WHAT YOU HAVE TO DO –
For this exercise, copy all the data exactly and include none of the pictures.

EXERCISE DATA –
........
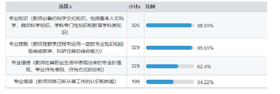 为了进一步做好助力粤西地区教师专业成长的工作,认真探索中小学教师在职教育工作的新思路、新途径、新模式,以中小学教师专业发展需求为出发点,针对性地通过区域交流研训有效地提高教师专业能力,为粤西地区中小学教师队伍的建设和茂名地区基础教育的发展提供优质的培训服务,广东省教育科研规划项目“开展区域交流研训助力教师专业成长的实践研究”课题组于2020年11月下旬成立了调研小组,于2020年12月1日至12月31日,采用书面问卷和电子问卷调查的方式,在粤西地区教师群体中进行了抽样调查。本次调研总计发放问卷367份,回收有效问卷367份,占发卷总数的100%。调研小组于2021年1月1日至2021年1月31日,对问卷数据进行了统计分析,对意见建议进行了整理汇总。问卷调查的内容涉及教师职业发展的最高目标、有效促进教师专业发展的方式、遇到有关问题后的主要表现、教师参加区域交流研训的态度及原因、参加研训的主要收获、希望参加的研训类别、希望参加研训的形式、研训存在的主要问题、研训存在的主要问题、希望哪些人员担任研训教师等方面。现围绕以上的问卷调查情况进行分析讨论,并提出在未来五年通过积极推进区域“研训评赛”一体工作,进一步助力粤西地区教师专业成长的七项对策。
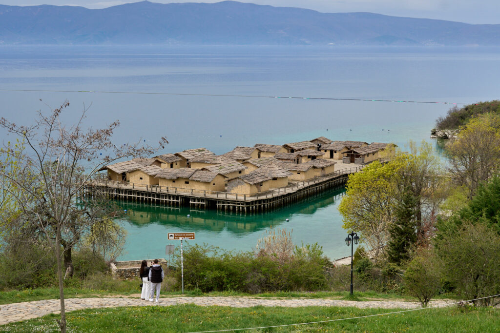 Wir müssen uns von unserem sehr komfortablen Hotelchen verabschieden und starten Richtung Orchidsee/Orchid Nordmazedonien. Auf der Fahrt dahin werden wir durch eine ziemlich lange Baustelle am Seeufer geführt, die dann jedoch an einer Sackgasse endet. Also alles wieder zurück. Auf unserem Weg nach Orchid liegt das Museum „Bay of the Bones“ eine authentische Teilrekonstruktion von 24 Hütten mit Innenausstattung einer prähistorischen Pfahlsiedlung aus den Jahren 1200 – 700 v. Chr. Leider ist heute Montag und das Musum ist geschlossen.
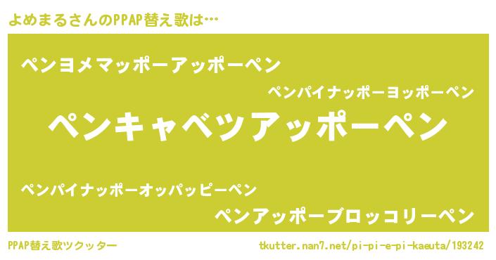 | ピコ太郎風あだ名 | 『ヨコ四郎』『ヨメ二郎』『ピヨ十郎』 |
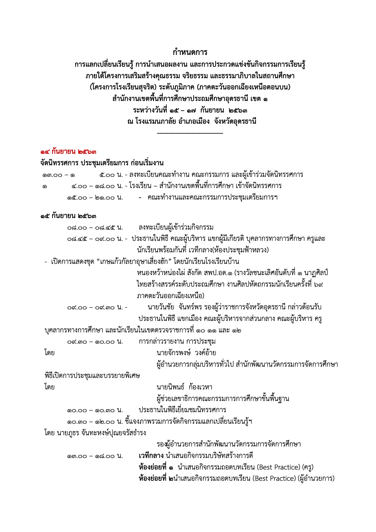 สำนักงานคณะกรรมการการศึกษาขั้นพื้นฐาน(สพฐ.) โดยสำนักนวัตกรรมการจัดการศึกษา(สนก.) ร่วมกับสำนักงานคณะกรรมการป้องกันและปราบปรามการทุจริตแห่งชาติ (สำนักงานป.ป.ช.) เตรียมจัดกิจกรรมการแลกเปลี่ยนเรียนรู้ การนำเสนอผลงาน และการประกวดแข่งขัน กิจกรรมการเรียนรู้ ภายใต้โครงการเสริมสร้างคุณธรรม จริยธรรม และธรรมาภิบาลในสถานศึกษา (โครงการโรงเรียนสุจริต) ระดับภูมิภาค (ภาคตะวันออกเฉียงเหนือตอนบน) สำนักงานเขตพื้นที่การศึกษาในเขตตรวจราชการที่ 10 11 และ 12 ระหว่างวันที่ 15 – 17 กันยายน 2563 ณ โรงแรมนภาลัย อำเภอเมือง จังหวัดอุดรธานี
........
EXPECTED ANSWER –
 为了进一步做好助力粤西地区教师专业成长的工作,认真探索中小学教师在职教育工作的新思路、新途径、新模式,以中小学教师专业发展需求为出发点,针对性地通过区域交流研训有效地提高教师专业能力,为粤西地区中小学教师队伍的建设和茂名地区基础教育的发展提供优质的培训服务,广东省教育科研规划项目“开展区域交流研训助力教师专业成长的实践研究”课题组于2020年11月下旬成立了调研小组,于2020年12月1日至12月31日,采用书面问卷和电子问卷调查的方式,在粤西地区教师群体中进行了抽样调查。本次调研总计发放问卷367份,回收有效问卷367份,占发卷总数的100%。调研小组于2021年1月1日至2021年1月31日,对问卷数据进行了统计分析,对意见建议进行了整理汇总。问卷调查的内容涉及教师职业发展的最高目标、有效促进教师专业发展的方式、遇到有关问题后的主要表现、教师参加区域交流研训的态度及原因、参加研训的主要收获、希望参加的研训类别、希望参加研训的形式、研训存在的主要问题、研训存在的主要问题、希望哪些人员担任研训教师等方面。现围绕以上的问卷调查情况进行分析讨论,并提出在未来五年通过积极推进区域“研训评赛”一体工作,进一步助力粤西地区教师专业成长的七项对策。
 Wir müssen uns von unserem sehr komfortablen Hotelchen verabschieden und starten Richtung Orchidsee/Orchid Nordmazedonien. Auf der Fahrt dahin werden wir durch eine ziemlich lange Baustelle am Seeufer geführt, die dann jedoch an einer Sackgasse endet. Also alles wieder zurück. Auf unserem Weg nach Orchid liegt das Museum „Bay of the Bones“ eine authentische Teilrekonstruktion von 24 Hütten mit Innenausstattung einer prähistorischen Pfahlsiedlung aus den Jahren 1200 – 700 v. Chr. Leider ist heute Montag und das Musum ist geschlossen.
 | ピコ太郎風あだ名 | 『ヨコ四郎』『ヨメ二郎』『ピヨ十郎』 |
 สำนักงานคณะกรรมการการศึกษาขั้นพื้นฐาน(สพฐ.) โดยสำนักนวัตกรรมการจัดการศึกษา(สนก.) ร่วมกับสำนักงานคณะกรรมการป้องกันและปราบปรามการทุจริตแห่งชาติ (สำนักงานป.ป.ช.) เตรียมจัดกิจกรรมการแลกเปลี่ยนเรียนรู้ การนำเสนอผลงาน และการประกวดแข่งขัน กิจกรรมการเรียนรู้ ภายใต้โครงการเสริมสร้างคุณธรรม จริยธรรม และธรรมาภิบาลในสถานศึกษา (โครงการโรงเรียนสุจริต) ระดับภูมิภาค (ภาคตะวันออกเฉียงเหนือตอนบน) สำนักงานเขตพื้นที่การศึกษาในเขตตรวจราชการที่ 10 11 และ 12 ระหว่างวันที่ 15 – 17 กันยายน 2563 ณ โรงแรมนภาลัย อำเภอเมือง จังหวัดอุดรธานี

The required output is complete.